_Task directions_
Every line below must come back exactly as it stands, with the images omitted.

_Raw data_
----------------------------------------

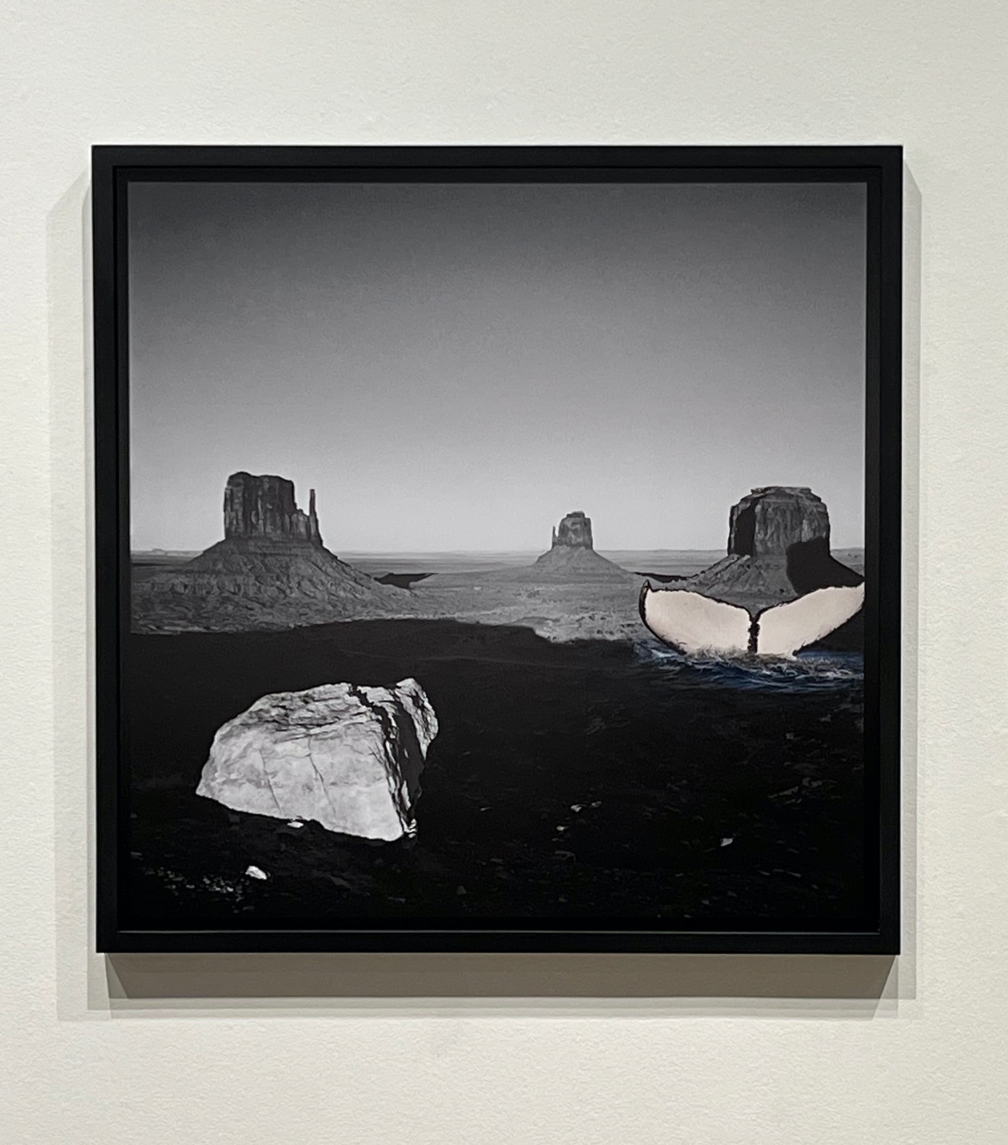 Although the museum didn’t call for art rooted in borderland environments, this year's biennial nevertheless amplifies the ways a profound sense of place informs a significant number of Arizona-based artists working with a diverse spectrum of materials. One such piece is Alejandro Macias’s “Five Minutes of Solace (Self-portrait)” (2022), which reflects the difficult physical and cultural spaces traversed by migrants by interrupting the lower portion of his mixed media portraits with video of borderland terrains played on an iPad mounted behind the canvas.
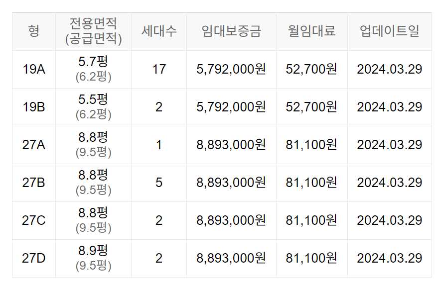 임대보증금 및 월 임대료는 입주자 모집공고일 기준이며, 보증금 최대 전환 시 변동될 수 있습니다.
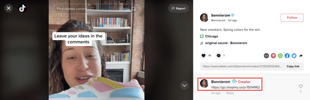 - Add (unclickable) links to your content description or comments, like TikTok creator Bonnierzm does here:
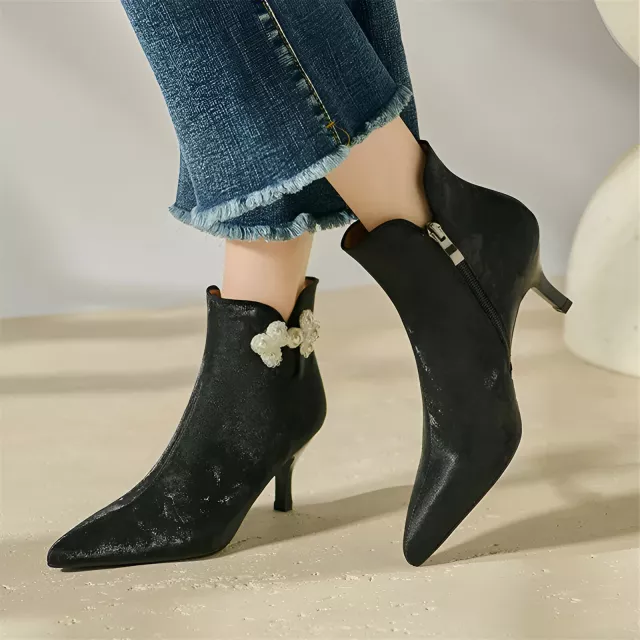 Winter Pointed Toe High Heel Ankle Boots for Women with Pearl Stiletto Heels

----------------------------------------

_Response to the exercise_
 Although the museum didn’t call for art rooted in borderland environments, this year's biennial nevertheless amplifies the ways a profound sense of place informs a significant number of Arizona-based artists working with a diverse spectrum of materials. One such piece is Alejandro Macias’s “Five Minutes of Solace (Self-portrait)” (2022), which reflects the difficult physical and cultural spaces traversed by migrants by interrupting the lower portion of his mixed media portraits with video of borderland terrains played on an iPad mounted behind the canvas.
 임대보증금 및 월 임대료는 입주자 모집공고일 기준이며, 보증금 최대 전환 시 변동될 수 있습니다.
 - Add (unclickable) links to your content description or comments, like TikTok creator Bonnierzm does here:
 Winter Pointed Toe High Heel Ankle Boots for Women with Pearl Stiletto Heels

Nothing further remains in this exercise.